Required work: Among the entries below, which lines run from the line with "Lễ thượng cờ" through the line with "Cartoon Cute Doodles"? Retype those, both ends included, exactly and without pictures.

Data section:

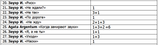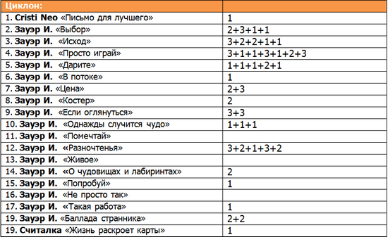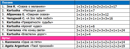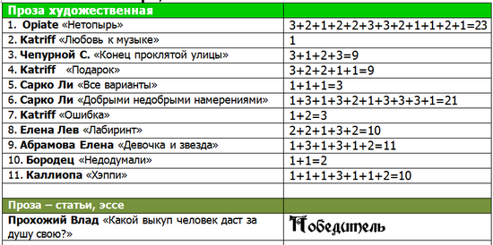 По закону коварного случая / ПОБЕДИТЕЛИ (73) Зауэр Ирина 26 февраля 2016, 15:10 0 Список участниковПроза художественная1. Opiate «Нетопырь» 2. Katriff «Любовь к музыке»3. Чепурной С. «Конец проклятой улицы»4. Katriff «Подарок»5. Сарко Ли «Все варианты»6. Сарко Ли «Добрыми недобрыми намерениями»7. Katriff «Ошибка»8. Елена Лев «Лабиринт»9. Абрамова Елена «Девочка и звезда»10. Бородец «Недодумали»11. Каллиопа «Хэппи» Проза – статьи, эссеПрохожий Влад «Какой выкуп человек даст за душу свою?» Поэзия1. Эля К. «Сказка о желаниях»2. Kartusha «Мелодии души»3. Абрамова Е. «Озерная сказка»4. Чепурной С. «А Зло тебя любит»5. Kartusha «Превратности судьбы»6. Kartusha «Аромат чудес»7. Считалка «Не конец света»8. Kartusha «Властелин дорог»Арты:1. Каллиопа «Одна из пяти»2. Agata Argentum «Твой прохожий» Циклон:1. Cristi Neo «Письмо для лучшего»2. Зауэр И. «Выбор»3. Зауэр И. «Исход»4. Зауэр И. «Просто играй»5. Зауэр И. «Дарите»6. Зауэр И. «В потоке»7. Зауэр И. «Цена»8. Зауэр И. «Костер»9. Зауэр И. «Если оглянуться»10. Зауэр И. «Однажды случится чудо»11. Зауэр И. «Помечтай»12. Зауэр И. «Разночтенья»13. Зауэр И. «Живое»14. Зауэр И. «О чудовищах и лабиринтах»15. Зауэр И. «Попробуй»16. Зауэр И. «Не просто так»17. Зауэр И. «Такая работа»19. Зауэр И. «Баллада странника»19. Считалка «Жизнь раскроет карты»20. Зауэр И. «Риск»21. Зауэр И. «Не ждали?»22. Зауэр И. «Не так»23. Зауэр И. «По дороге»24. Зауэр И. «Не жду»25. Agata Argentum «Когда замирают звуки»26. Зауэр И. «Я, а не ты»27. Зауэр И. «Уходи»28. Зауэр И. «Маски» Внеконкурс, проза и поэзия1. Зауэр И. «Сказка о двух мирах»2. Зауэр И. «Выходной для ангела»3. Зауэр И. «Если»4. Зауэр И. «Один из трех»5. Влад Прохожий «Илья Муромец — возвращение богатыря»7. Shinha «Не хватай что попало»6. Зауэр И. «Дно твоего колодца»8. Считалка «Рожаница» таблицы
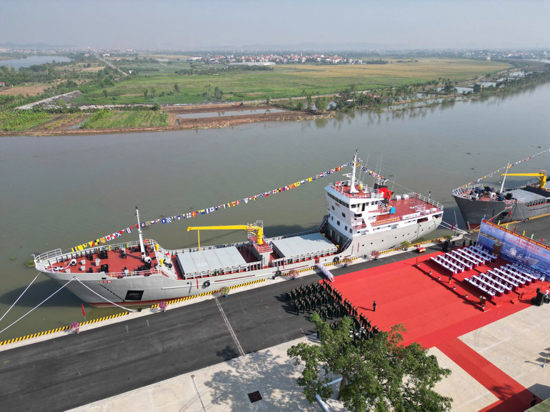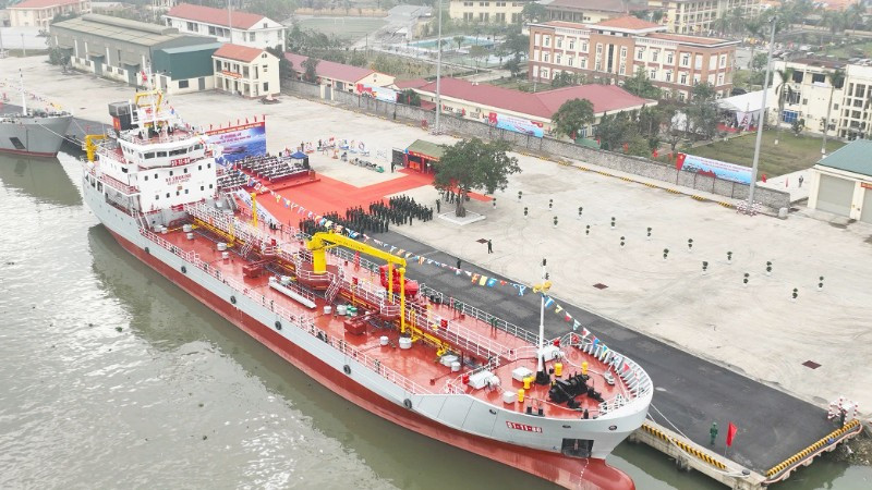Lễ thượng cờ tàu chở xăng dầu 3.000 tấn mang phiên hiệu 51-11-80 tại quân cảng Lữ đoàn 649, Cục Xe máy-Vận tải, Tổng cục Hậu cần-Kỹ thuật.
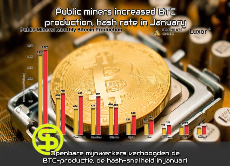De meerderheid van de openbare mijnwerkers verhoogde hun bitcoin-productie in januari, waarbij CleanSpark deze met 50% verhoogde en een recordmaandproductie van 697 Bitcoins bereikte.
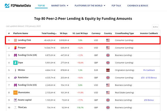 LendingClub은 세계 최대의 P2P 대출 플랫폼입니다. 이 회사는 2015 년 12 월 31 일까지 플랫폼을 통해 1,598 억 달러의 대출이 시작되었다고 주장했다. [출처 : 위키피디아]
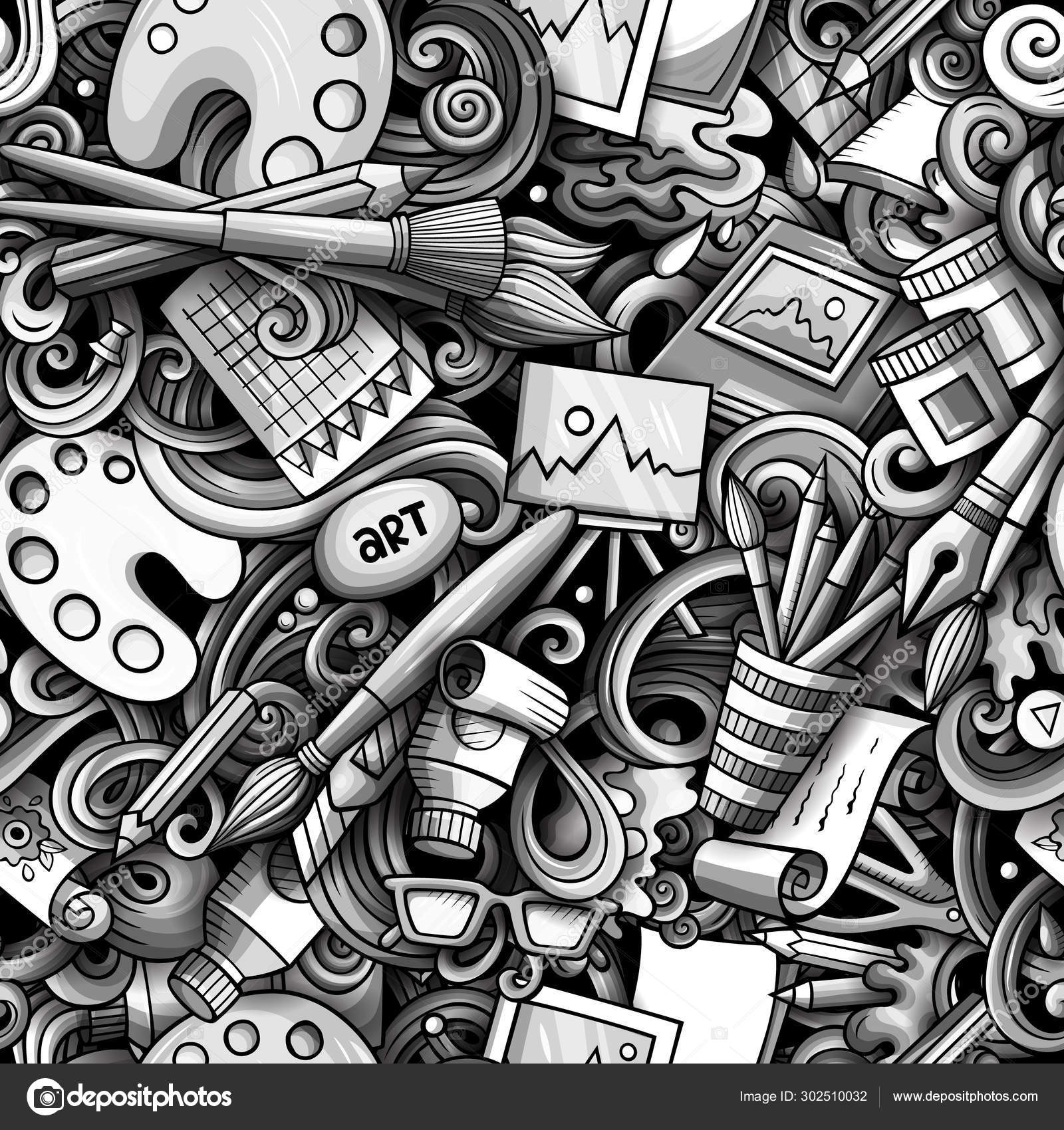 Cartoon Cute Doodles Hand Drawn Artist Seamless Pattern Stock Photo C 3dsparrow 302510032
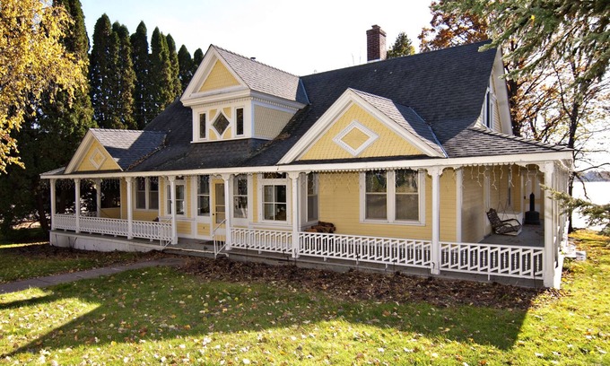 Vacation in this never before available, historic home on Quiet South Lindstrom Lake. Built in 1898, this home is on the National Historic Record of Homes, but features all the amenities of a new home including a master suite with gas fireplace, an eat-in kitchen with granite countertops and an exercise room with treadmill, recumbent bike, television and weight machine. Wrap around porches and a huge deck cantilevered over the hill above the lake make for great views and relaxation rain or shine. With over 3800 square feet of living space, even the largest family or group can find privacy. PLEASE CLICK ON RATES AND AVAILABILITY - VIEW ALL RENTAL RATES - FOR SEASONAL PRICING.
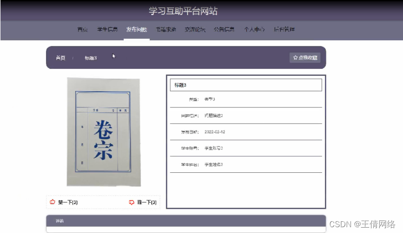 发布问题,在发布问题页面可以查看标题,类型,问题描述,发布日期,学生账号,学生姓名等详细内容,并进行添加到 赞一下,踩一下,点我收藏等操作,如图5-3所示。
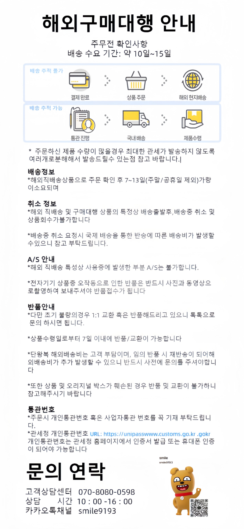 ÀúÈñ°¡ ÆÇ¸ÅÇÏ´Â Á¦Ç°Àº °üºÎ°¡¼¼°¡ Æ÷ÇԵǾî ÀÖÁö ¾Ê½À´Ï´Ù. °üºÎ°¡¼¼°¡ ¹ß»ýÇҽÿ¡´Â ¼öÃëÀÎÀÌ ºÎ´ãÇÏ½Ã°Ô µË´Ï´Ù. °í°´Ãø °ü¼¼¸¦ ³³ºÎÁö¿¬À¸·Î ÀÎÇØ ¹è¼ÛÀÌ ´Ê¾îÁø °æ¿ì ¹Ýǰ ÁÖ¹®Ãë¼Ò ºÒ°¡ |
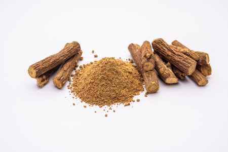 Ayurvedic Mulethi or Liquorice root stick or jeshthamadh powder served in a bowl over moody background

Exercise output:
Lễ thượng cờ tàu chở xăng dầu 3.000 tấn mang phiên hiệu 51-11-80 tại quân cảng Lữ đoàn 649, Cục Xe máy-Vận tải, Tổng cục Hậu cần-Kỹ thuật.
De meerderheid van de openbare mijnwerkers verhoogde hun bitcoin-productie in januari, waarbij CleanSpark deze met 50% verhoogde en een recordmaandproductie van 697 Bitcoins bereikte.
 LendingClub은 세계 최대의 P2P 대출 플랫폼입니다. 이 회사는 2015 년 12 월 31 일까지 플랫폼을 통해 1,598 억 달러의 대출이 시작되었다고 주장했다. [출처 : 위키피디아]
 Cartoon Cute Doodles Hand Drawn Artist Seamless Pattern Stock Photo C 3dsparrow 302510032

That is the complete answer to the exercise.